Objective: In the present experimental study, we examined topographic variability of composition of brain oscillations and their temporal behavior in frequencies from 0.5 to 30 Hz of interictal EEG without epileptiform abnormalities and healthy EEG.
Methods: Spatio-temporal variability of brain oscillations (indexed by short-term EEG spectral patterns (SPs)) was assessed by the probability-classification analysis of SPs. As a result, multi-dimensional SP-vector for each analysis EEG epoch was obtained.
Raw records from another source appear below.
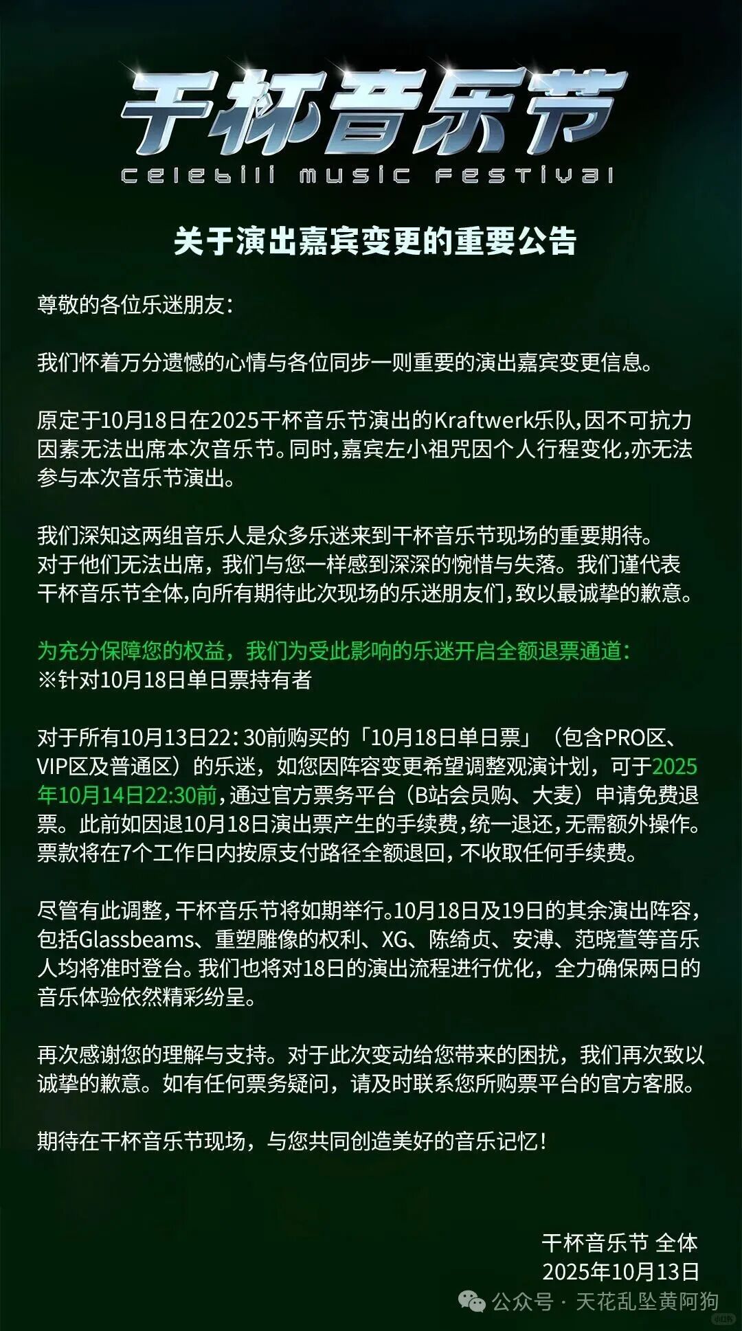 刚才,上海干杯音乐节的组织方bilibili发了公告,宣称由于“不可抗力”,原定邀请的德国Kraftwerk乐队及音乐人左小祖咒,将无法按原计划参加18号的演出。
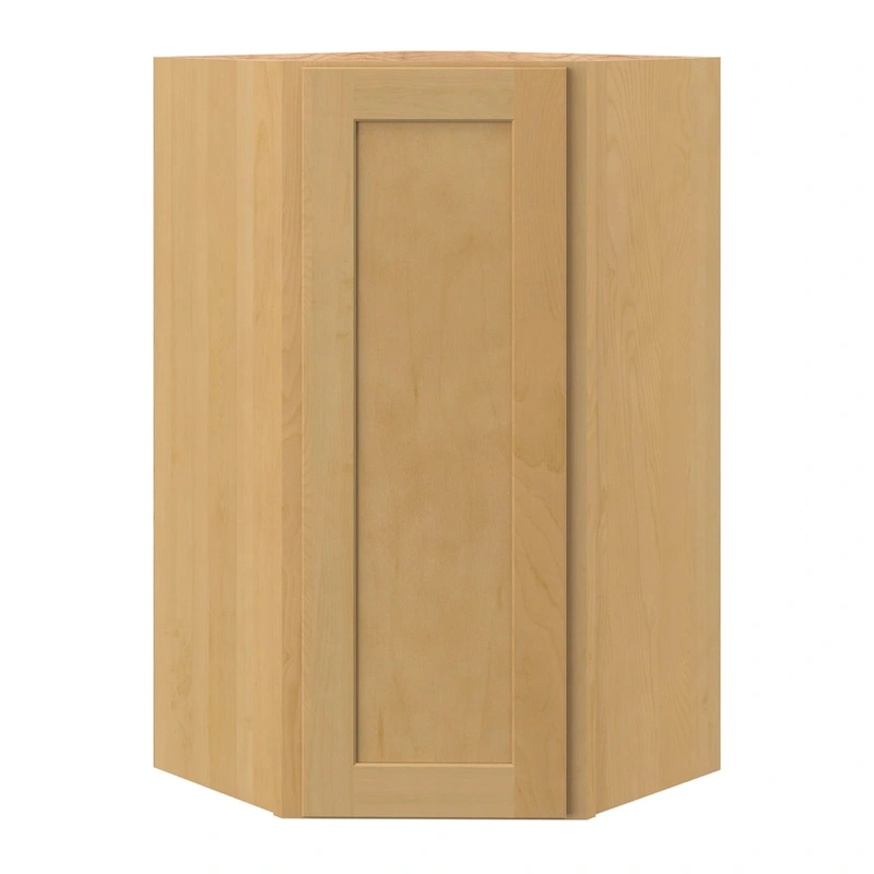 Elevate your kitchen or living space with the allen + roth Innsbrook Diagonal Wall Cabinet, featuring a flat panel Shaker door style. Its warm, Rye stained finish adds a touch of natural elegance, while the soft-close doors provide seamless, silent functionality. Perfectly crafted for modern and traditional spaces alike, this cabinet is both an aesthetic and practical choice.
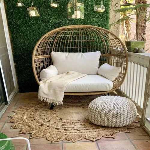 Petit balcon bohème - fauteuil egg en rotin et tapis en jute
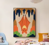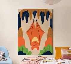 Godetevi una rilassante illustrazione vettoriale con un pipistrello che riposa all'interno di una grotta.
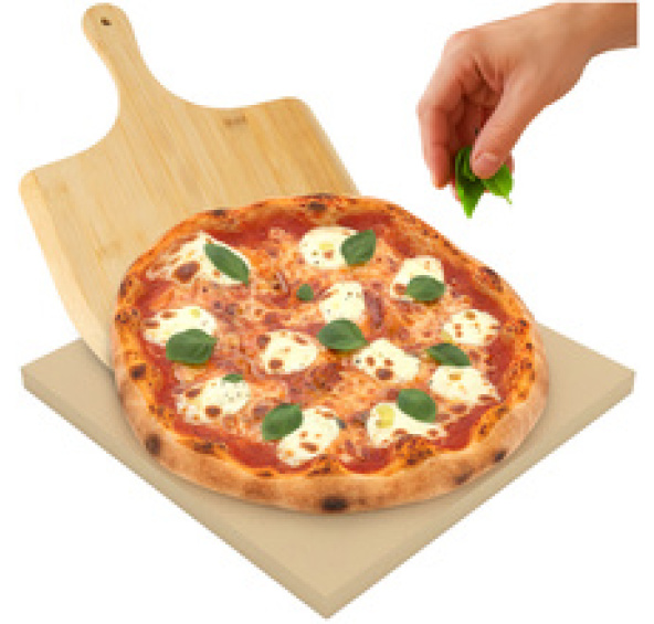 Ruhhy kámen na pizzu 38×36 cm s bambusovou špachtlí 2v1 kordierit
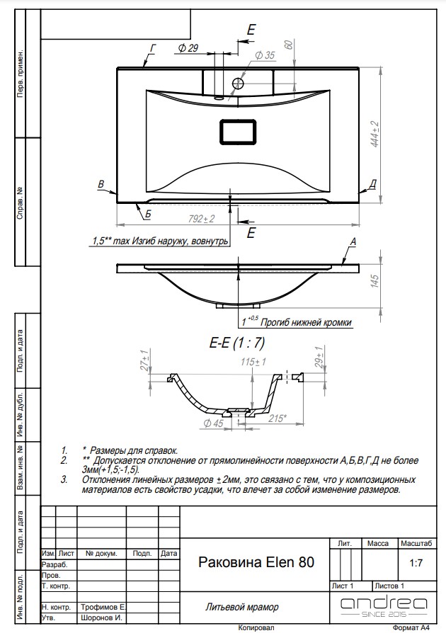 Andrea Раковина Elen, 80 см
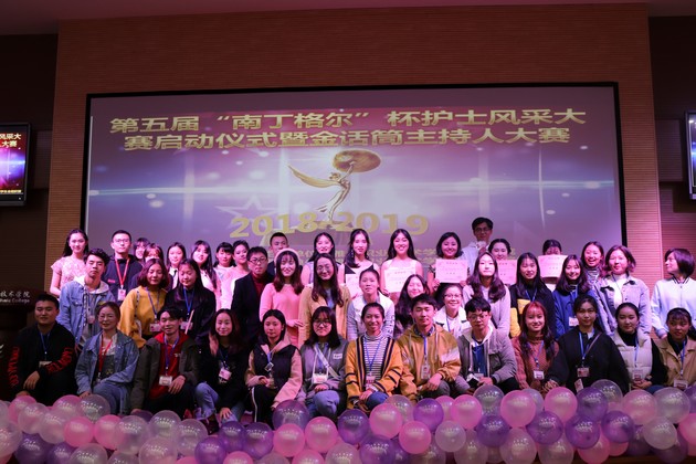 10月23日,第五届“南丁格尔”杯护士风采大赛启动仪式暨金话筒主持人大赛在青年路校区圆弧大厅顺利举行。388vip太阳集团团总支书记万黎、经济与管理公司团总支书记高桃银及朱学坤、谢琳娜、王菠三位老师应邀出席大赛并担任评委。
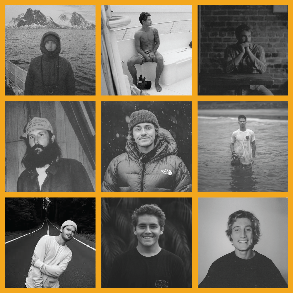 Collage of nine black-and-white and color photos of young men in various settings including outdoors, on a boat, at a cafe, and in a studio.

Results: It was demonstrated that interictal EEG was characterized (a) by a significant decrease of spatio-temporal variability of brain oscillations, (b) by longer periods of temporal stabilization for operational modules which comprise larger number of cortical areas, and (c) by significantly more intermittent recurrence when compared with EEG of control subjects. Generally it was shown that EEG channels display different states of coordination independently on their correlation and coherence using brain oscillations at multiple frequencies.
Conclusions: Results of this study suggested that EEG correlate of chronic epileptogenesis in the brain is a particular metastable state of biopotential field, which can be estimated by SP-vector. The fact that all results were significantly different from surrogate EEGs reflects a nonoccasional and thus, most likely, an adaptive nature of spatio-temporal reorganization in interictal EEG.
Significance: Parameters of spatio-temporal organization of interictal EEG without the signs of epileptiform activity can be considered as additional information in premorbid diagnostics of status epilepticus, and may also provide insights into basic laws that govern brain oscillations in general.